How a rental deposit of 800 DM became 115,000 euros

by time news

Mith individual stocks no returns can be generated? Some financial advisors keep preaching about the one-time investment on the stock exchange, which private investors should ideally forget about immediately after the purchase, only to be delighted years later at the increase in value in their portfolio.

A curious legal dispute in Cologne shows that the sentence “the squirrel feeds with difficulty” is also particularly true on the capital market. This is about the issuance of a rental deposit. However, because this was reinvested in securities and remained untouched for decades, there was an incredible increase in value from almost 400 euros to 115,000 euros: That is 281 times!

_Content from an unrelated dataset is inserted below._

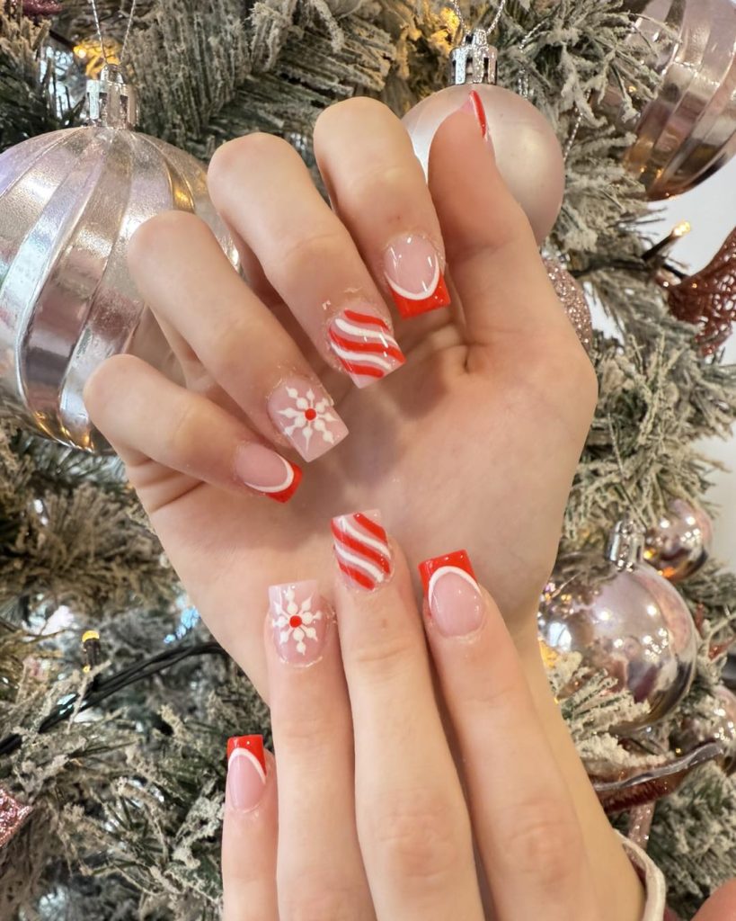 Whimsical and fun, these nails celebrate the sweetest part of Christmas with candy cane-inspired stripes and playful red tips. Paired with delicate snowflake art on a square base, this design feels festive yet polished, striking the balance between cute and classy. It’s a holiday manicure that immediately sparks joy and makes you want to reach for a peppermint latte.

In 1960, when the Federal Chancellor was still called Konrad Adenauer, banks were advising investors to take out a home savings contract or a savings book and the average monthly salary in West Germany was 263 euros according to the Federal Statistical Office (adjusted for inflation), a couple moved into a rented apartment in Cologne on the right bank of the Rhine. The landlord, a housing association, demanded a security deposit of 800 DM (about 409 euros today). According to the contract, the owner could now decide how he wanted to deal with the money, which gave him security for rent losses or damage to the apartment. Instead of depositing it in a deposit account, those responsible at the time decided to invest the sum in their own securities. The shares themselves were managed by a trustee.

Right to vote for landlords?

The highlight: according to the lease, the shares should be handed over when the tenants move out. But the housing association also retained the right to choose to pay out the nominal amount of DM 800 instead of the securities – i.e. without any interest, from which the tenants would usually have benefited in the case of a savings account, for example. For decades nobody bothered about this passage. In 2005, when the couple moved into another apartment owned by their landlord, the original deposit was included in the new lease.




Beginning in , the housing association paid annual amounts that were offset against rent and reported as “dividends” on tax returns. Almost 6,000 euros gross flowed to the elderly tenants, who were probably not aware of their role as “small shareholders”. The tenancy ended in mid-2018. But instead of shares “en de Täsch” – as they say in the Rhineland – the landlady wanted to invoke her right to vote. The daughter of the now deceased tenants was to receive 409 euros, i.e. the nominal value at the time.

However, the woman was apparently aware of the market value of the shares. She went to the Cologne district court and demanded the return of the securities, which were worth around 115,000 euros at the time the lawsuit was filed in December 2021. A value in dispute that would otherwise be a reason for every district court to declare itself not competent. However, because it was a process from a residential tenancy for a Cologne apartment, there was factual jurisdiction, the court said in a statement.

During the oral hearing, the plaintiffs’ arguments convinced the court. In its judgment a few days ago, it found that the housing association’s right to choose, which was reserved in the original lease, was invalid. “The plaintiff is fundamentally entitled to the return of the rental security in the form of shares.” The district court refers to paragraph 551 of the German Civil Code (BGB) as justification. It stipulates that the tenant is entitled to income from the rent deposit, regardless of the form of investment chosen.

Plaintiff is entitled to price gains

These include not only the dividends paid out, but “also any price gains,” emphasizes the district court. Even if the BGB provision did not exist in 1960, it is applicable – because the tenants agreed in 2005 on the transfer of the old rent security and other agreements.

The plaintiff will have to wait for the rain of money from the “one-time investment” of her deceased parents. Because the judgment is not yet final. The housing association, whose name is not known, can still appeal (Az. 203 C 199/21).